Records from a data collection:
────────────────
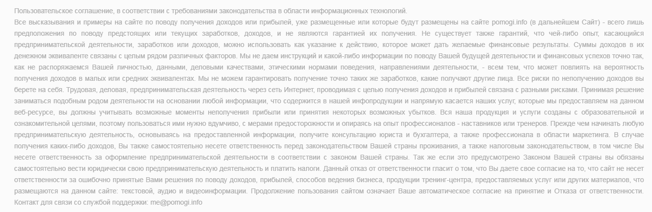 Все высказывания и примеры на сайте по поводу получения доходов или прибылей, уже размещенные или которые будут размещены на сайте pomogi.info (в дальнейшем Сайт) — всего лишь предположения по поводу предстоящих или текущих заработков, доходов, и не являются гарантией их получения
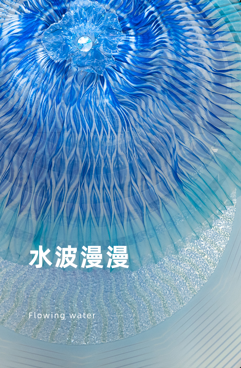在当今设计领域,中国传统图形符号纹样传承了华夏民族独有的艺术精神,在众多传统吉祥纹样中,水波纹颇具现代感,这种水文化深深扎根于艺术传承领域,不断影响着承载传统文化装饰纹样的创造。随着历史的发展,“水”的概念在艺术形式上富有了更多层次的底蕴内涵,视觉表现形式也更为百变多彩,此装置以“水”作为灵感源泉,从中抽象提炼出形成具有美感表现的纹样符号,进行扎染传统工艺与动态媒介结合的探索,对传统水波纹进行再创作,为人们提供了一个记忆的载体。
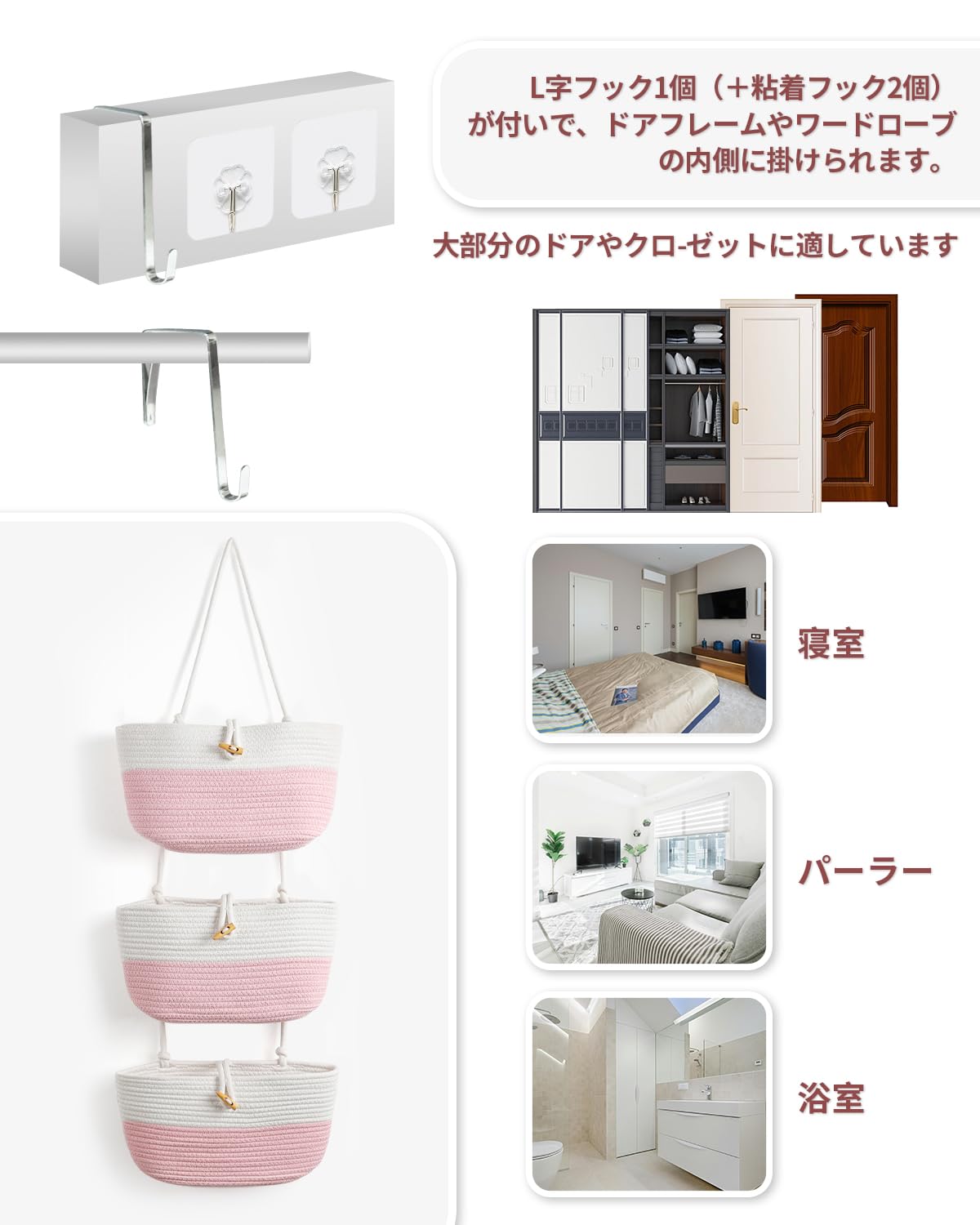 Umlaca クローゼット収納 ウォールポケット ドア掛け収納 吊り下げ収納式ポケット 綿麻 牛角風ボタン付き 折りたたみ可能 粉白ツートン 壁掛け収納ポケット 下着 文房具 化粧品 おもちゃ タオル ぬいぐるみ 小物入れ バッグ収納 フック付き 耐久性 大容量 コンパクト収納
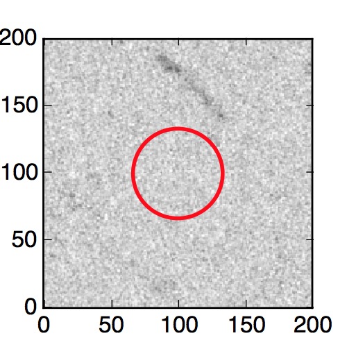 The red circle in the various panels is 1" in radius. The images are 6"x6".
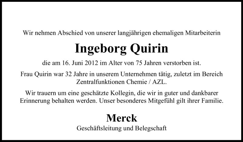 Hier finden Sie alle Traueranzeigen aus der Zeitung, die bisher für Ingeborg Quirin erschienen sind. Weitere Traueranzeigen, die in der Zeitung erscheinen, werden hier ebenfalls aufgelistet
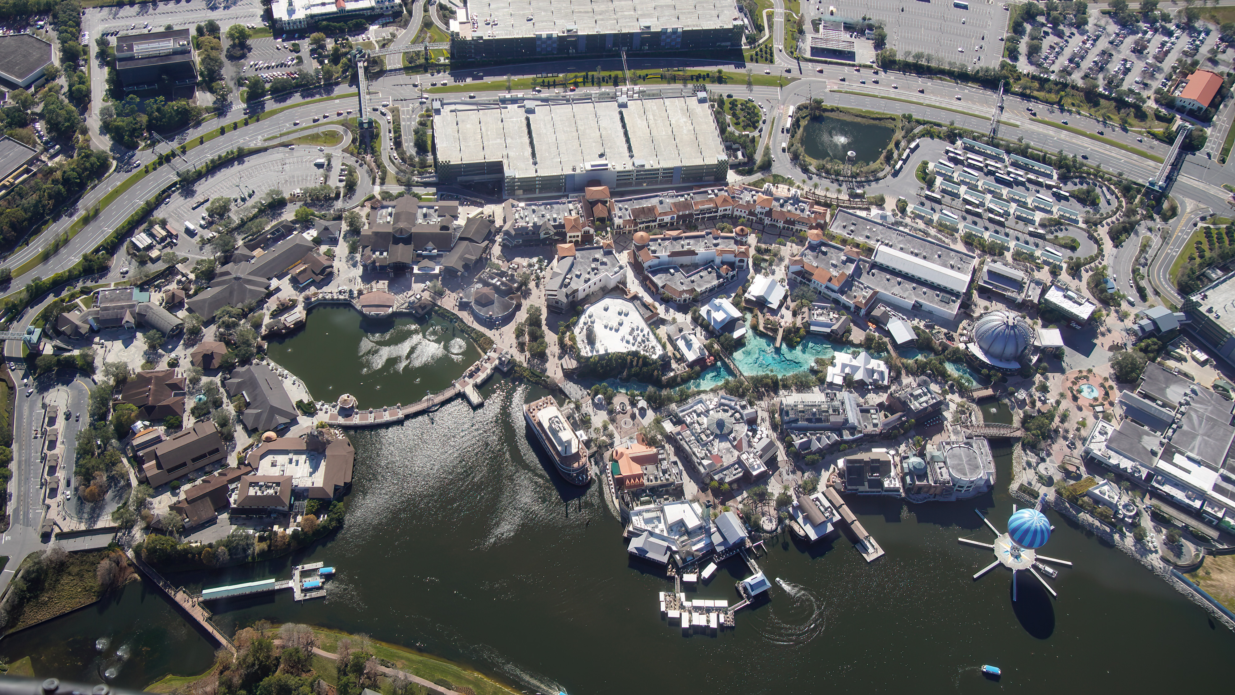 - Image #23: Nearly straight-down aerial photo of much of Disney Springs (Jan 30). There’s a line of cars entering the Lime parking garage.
────────────────
### What is needed
An exact restatement of every record is required. Omit the images.

### Solved exercise
 Все высказывания и примеры на сайте по поводу получения доходов или прибылей, уже размещенные или которые будут размещены на сайте pomogi.info (в дальнейшем Сайт) — всего лишь предположения по поводу предстоящих или текущих заработков, доходов, и не являются гарантией их получения
在当今设计领域,中国传统图形符号纹样传承了华夏民族独有的艺术精神,在众多传统吉祥纹样中,水波纹颇具现代感,这种水文化深深扎根于艺术传承领域,不断影响着承载传统文化装饰纹样的创造。随着历史的发展,“水”的概念在艺术形式上富有了更多层次的底蕴内涵,视觉表现形式也更为百变多彩,此装置以“水”作为灵感源泉,从中抽象提炼出形成具有美感表现的纹样符号,进行扎染传统工艺与动态媒介结合的探索,对传统水波纹进行再创作,为人们提供了一个记忆的载体。
 Umlaca クローゼット収納 ウォールポケット ドア掛け収納 吊り下げ収納式ポケット 綿麻 牛角風ボタン付き 折りたたみ可能 粉白ツートン 壁掛け収納ポケット 下着 文房具 化粧品 おもちゃ タオル ぬいぐるみ 小物入れ バッグ収納 フック付き 耐久性 大容量 コンパクト収納
 The red circle in the various panels is 1" in radius. The images are 6"x6".
 Hier finden Sie alle Traueranzeigen aus der Zeitung, die bisher für Ingeborg Quirin erschienen sind. Weitere Traueranzeigen, die in der Zeitung erscheinen, werden hier ebenfalls aufgelistet
 - Image #23: Nearly straight-down aerial photo of much of Disney Springs (Jan 30). There’s a line of cars entering the Lime parking garage.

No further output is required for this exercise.